月 光 洒 满 昆 仑 消逝的往事(一)2006.9.14

上一篇 / 下一篇  2009-02-26 18:13:00

消逝的往事(一)
 
 
             —— 昆 仑 山 汽 车 兵 记 实
 
陈湘安
 
      夜,清凉而静谧,皎洁的月光,唤醒了我的记忆,又使我回到了横空出世的冰雪昆仑,回到了昆仑汽车兵身旁。

 
     那是九月的一天晚上,我从西藏阿里高原来到新疆昆仑山上的第一个兵站——库地,只见满院碧树披上了一层银辉。一群年轻的汽车兵坐在车头前,一边赏月,一边交谈着。小伙子们个个面色黝黑,淳朴可爱。他们谈起自己在昆仑山行车,话语里总带着几分自豪。原来,他们是乌鲁木齐部队某部汽车团的。这个团由于常年在昆仑山上执行运输任务,因而闻名天山南北。我问他们:“今年已是第几次上山了?”“算上这趟,正好十次。”小伙子们几乎异口同声地说,听上去像是逛了十趟王府井一样轻松。
 
     没到过昆仑山的人是想像不到在这里行车的困难的。昆仑山西起帕米尔,东至青海,海拔六千多米,长达两千五百公里,山势险峻,空气稀薄,到处是冰川、雪峰、永冻层。每年十月下旬就大雪封山,到来年春三月才能通车。刚到九月,他们就十上昆仑,这可是个创纪录的数字。
 
    “昆仑山并不可怕,我在冰达坂上还呆过六昼夜呢。”说这话的是个长着娃娃脸的小个子。他叫叶丙刚,今年二十出头,四川重庆人,一九八一年高中毕业后当上了昆仑汽车兵。
 
     六月初,叶丙刚驾驶汽车载着价值上万元的精密机械下山,刚到达坂顶就陷入了积雪的泥潭。几辆过路的载重汽车停下来帮忙,两根瓶口粗的钢丝绳被拉断了,汽车尾部挂钩连支架一起被拔了出来,车体越陷越深,整个底盘全部死死嵌进泥潭。
 
      过路车一辆接一辆地开走了。按照惯例,收尾车要开到近千公里外的山下部队去报信。叶丙刚只好一个人留在山上看管车辆。天色渐渐地昏暗了,大雪铺天盖地,他急忙拉紧车门。刹时,狂风卷着暴雪怒吼起来,不一会儿,他的手脚冻麻木了,身上开始发抖。他把背包打开,铺在身下的坐垫上,又裹紧身上的大衣,但还是冷得无法入睡。夜深了,风平谷静,他猛地发现圆圆的月亮象晶莹的玉盘挂在空中,那月亮,在这死一般寂静的山谷,显得那么柔和,那么亲切。在家乡,不是每到中秋,家家都坐在一起看着她吗?那里边凝聚着多少母亲的目光,多少亲人团聚的笑脸,多少兄弟姐妹的嘱托……
 
     他感到兴奋和鼓舞;我是个战士!怎么能在冰达坂上坐以待毙呢?不,我要坚持下去,等待战友到来!
 
     第二天早晨,太阳出来了。他跳下车,活动了一下手脚。

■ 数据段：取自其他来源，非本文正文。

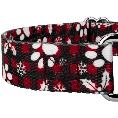 Is your escape artist slipping out of their collar? Martingale collars are designed to prevent your pup from pulling out of their collar by tightening around your dog’s neck whenever they try to remove their heads. Once your dog quits pulling, the collar relaxes again. Perfect for training, the twin-loop design gives you control over your stroll. The martingale collar is often referred to as a humane choke collar because it naturally limits how much it tightens, ensuring your dog’s safety. A no-slip, adjustable, limited choke collar is an excellent solution for sighthounds who slip out of their collars.This Christmas Plaid Dog Collars gives you the down home country Christmas you’ve been dreaming of. This classic buffalo plaid pattern is enhanced with snow white paw prints, eternal holly, and fluffy snowflakes. Printed using state-of-the-art colorfast inks, our collars will not run or bleed. Crafted from industry-leading hardware and webbing, Country Brook Petz’ Christmas Plaid Martingale Dog Collars stand up under tough conditions, all while keeping your furry friend looking fab.By adjusting the metal slide, you give slack to the loop. Slip it over your dog’s neck and decrease size until you can comfortably slip only two fingers under the collar. The unique limited closure prevents the choke from becoming too tight. We at Country Brook Petz pride ourselves on only using the best hardware, and you can rest assured that these collars will withstand whatever your pup gets into. Our collars have wide-mouthed heavy-duty triglides for easy adjustment and heavy-welded D-rings for strength.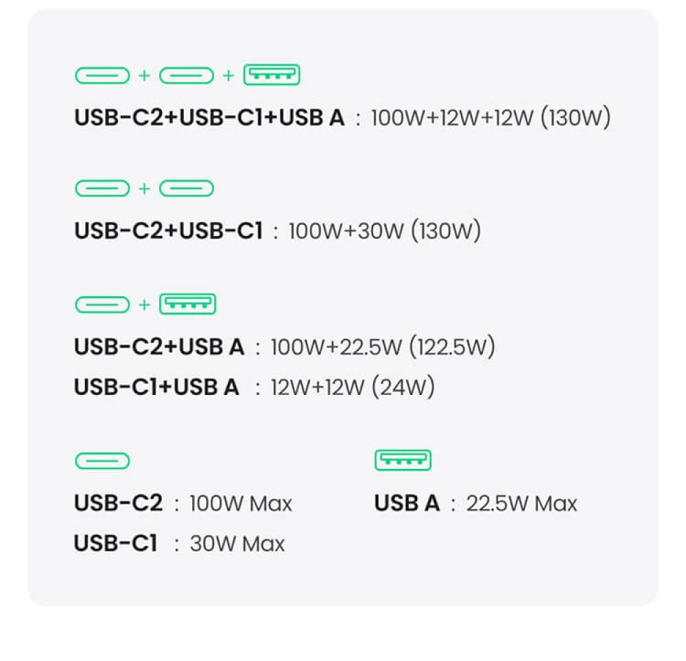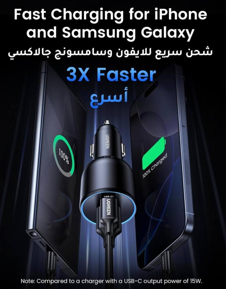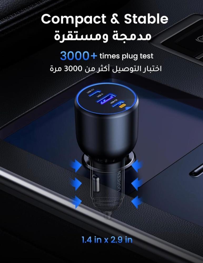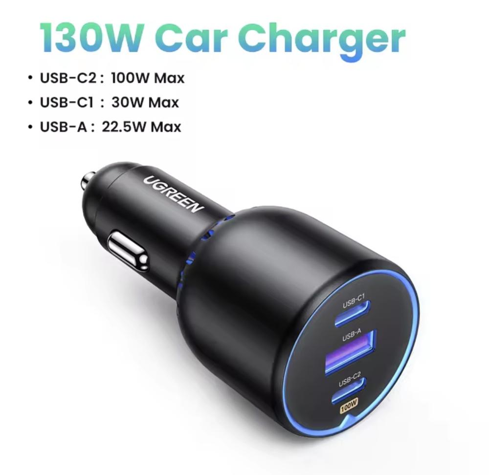 شاحن سيارة من UGREEN بثلاثة منافذ وقوة 130 واط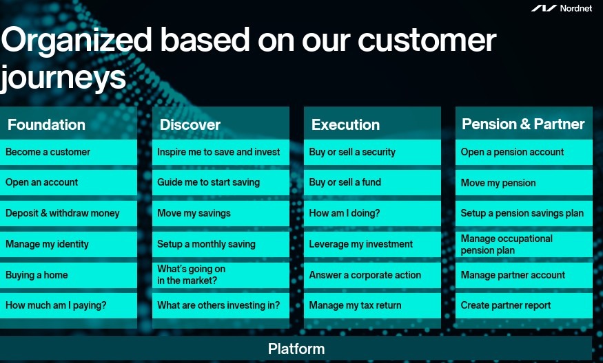 Extremt snabba, omfattande och rappt sjösatta förändringar inom Nordnets tech miljö är en verklig nyckel för tradingaktören. Det stod klart under förra årets Nordnet Tech Days där bolaget ständigt återkom till vikten av ”fail fast” men ändå hela tiden utvecklas framåt med sina totalt 29 agila team av frontendare, analytiker, backendare och produktägare m fl.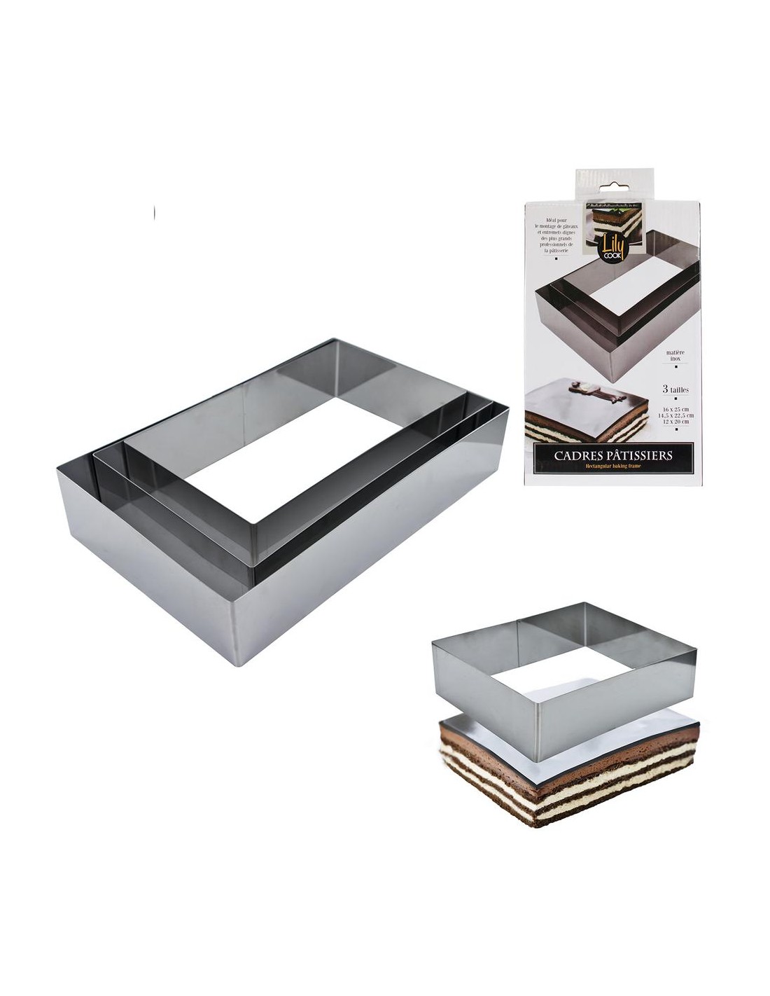 Pour une cuisson uniforme de vos mets, optez pour ce cadre de patisserie ! Perforé, il permet l'évaporation de l'eau et le démoulage de la péte ! - Matiére : acier inoxydable - Format : carré Format du produit 2.50 x 18.00 x 18.00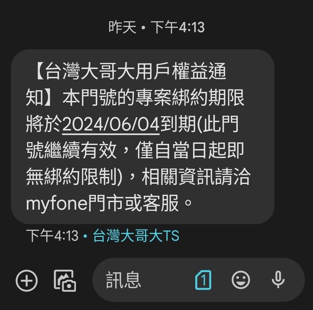 推 kimula01 : 我也是同方案 但沒收到簡訊04/05 09:52
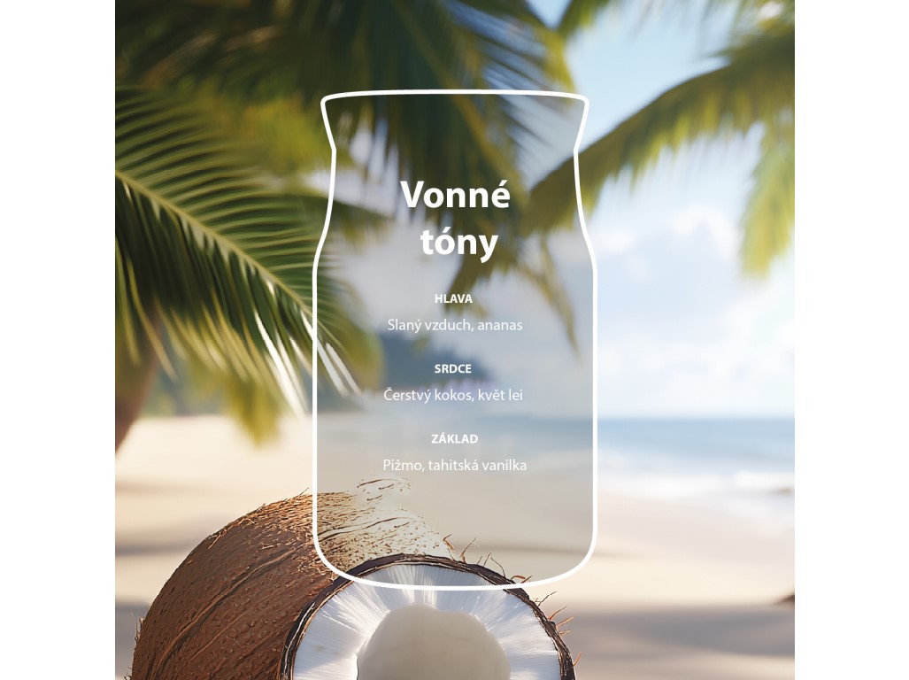 A trópusok íze: selymesen meleg kókusz, édes ananász és tahiti vanília csábító keveréke.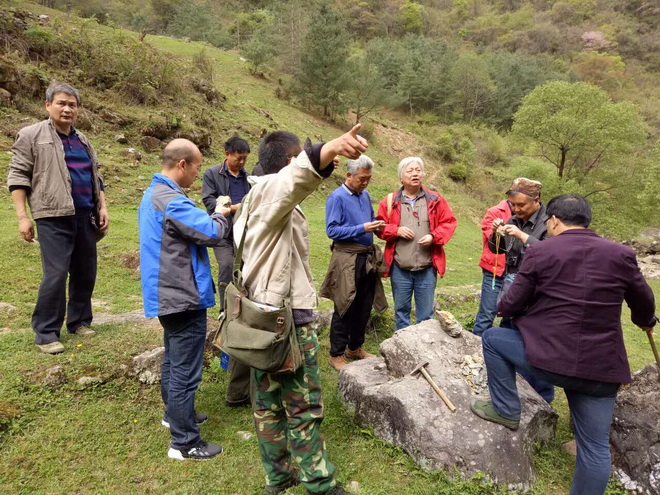 在驗收期間,專家組在詳細(xì)聽取了項目負(fù)責(zé)趙西鋒關(guān)于項目野外工作情況匯報后,重點對發(fā)現(xiàn)的金礦化點和兩條晶質(zhì)石墨、金紅石、矽線石礦帶進(jìn)行了實地檢查驗收。
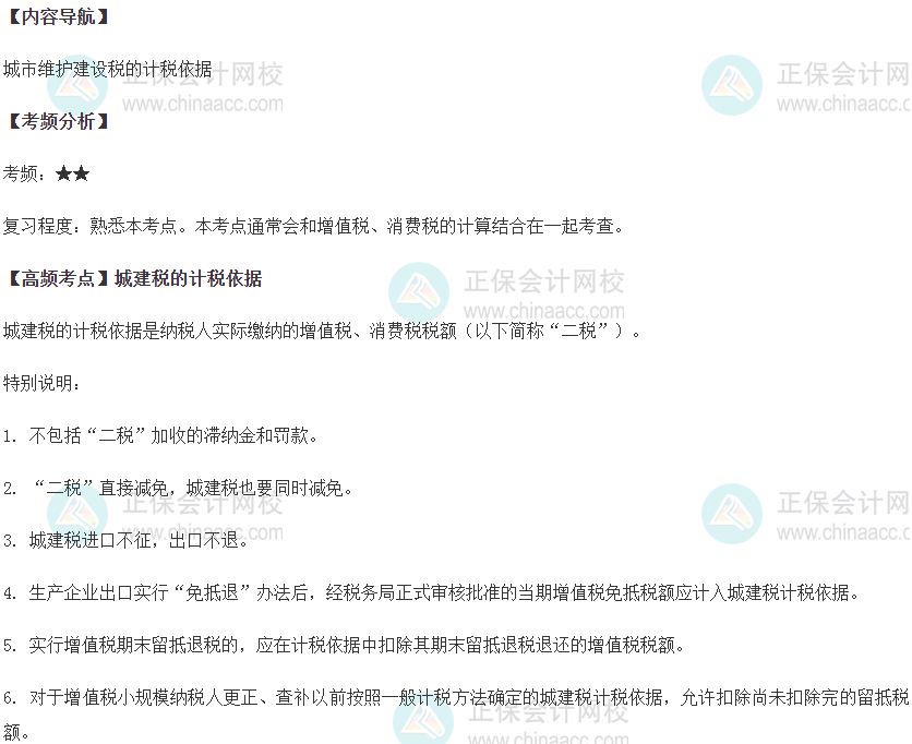 税务师考试总有一些知识点,常年考,网校整理的2022税务师考试高频考点,要好好看看!下面更新2022年税务师《税法一》第四章城市维护建设税、教育费附加及地方教育附加高频考点:城市维护建设税的计税依据,好好看看,熟练掌握!

没有吃的,肚子饿得难受,他捧起一把雪,象当年坚守上甘岭的志愿军战士那样,啃一口尝了尝,雪在嘴里融化了,味道新鲜又有些干涩,一位过路的老司机见他在车旁啃雪块,便拉他下山:“你要车还是要命!”他看了看车,摇摇头说:“车在这里,我不能走。”老司机只好留下自己仅有的两块干馕走了。第三天,车顶上积雪盈尺。入夜,狂风吹起积雪,填平了河沟,在崖壁与路面之间筑起三角形积雪带,渐渐堆上汽车。这里,四周找不到一棵植物,也找不到任何有生命的物体。大地沉睡了,群峰沉睡了。
 
     在这狂风呼叫的夜晚,来自山城重庆的战士又在冻饿中睡着了,只要风神多喘口气,大雪就会立即盖住他的汽车。
 
     第四天清晨,一位老军人路过这里,抹去他车窗上的冰雪,见里边有人,随即把车门拉开,急切地问道:“小伙子,怎么啦?”那声音似乎是天边飘过来的。
 
     小叶如同大梦初醒,见到了久别的亲人。他想笑,面部肌肉冻僵了;他想哭,但没掉下一滴泪。
 
     老军人在缺氧的喘息中问明情况,转身和几个干部一起,从车上抱来他们的全部备用粮,四十多个肉饼,十四瓶罐头,还灌了满满一壶开水,老军人拍拍小叶的肩膀:“小伙子,再坚持一下,我到前边通知兵站,马上帮你拖车!”
 
      叶丙刚没有想到,这位老军人是乌鲁木齐部队参谋长任书田。当救援人员奉命赶到这里时,接到收尾车报信的部队也派人赶到了,大伙立即帮助小叶排除淤泥、积雪和冻土,把车体全部拆卸出泥潭。在风雪昆仑度过六昼夜的叶丙刚,安全地回到连队。
 

 
     “你不知道,我们这些汽车兵苦惯了,谁没有在冰达坂上呆过几昼夜!”排长王贵生点燃一支烟说:去年五月,我们团近百辆车在海拔五千四百米的界山达坂上,被风雪整整围困了四天四夜;几个月前,老支达坂的路两边,冰墙足有六七米高,卡车过不去,又困住了三天四夜。当时,每人只带了一顿饭。在这种情况下,谁也没有叫一声苦。昆仑山紫外线比海平面强百分之五十,而含氧量却少百分之四十四,水的沸点只有八十多度,呆久了人的嘴唇会发紫、溃烂、头痛胸闷,脸上被晒得脱皮,流黄水,有饭也不想吃。在昆仑行车,一天得跑几百公里,要是赶不到兵站,或者是到没有兵站的地方执行任务,战士们就在冰天雪地里露宿。有一次,我们在一溜解放牌汽车底下住宿,可大伙还乐呵呵地给它起了个雅号,叫“汽车兵解放大厦。”“解放大厦”挡住了风雪,却不能阻止寒霜侵透雨布,潮气浸湿被褥。有个战士还从被窝里爬出来编着顺口溜说:“横空出世莽昆仑,行车何惧永冻层,‘解放大厦’是我家,人民战士为人民。”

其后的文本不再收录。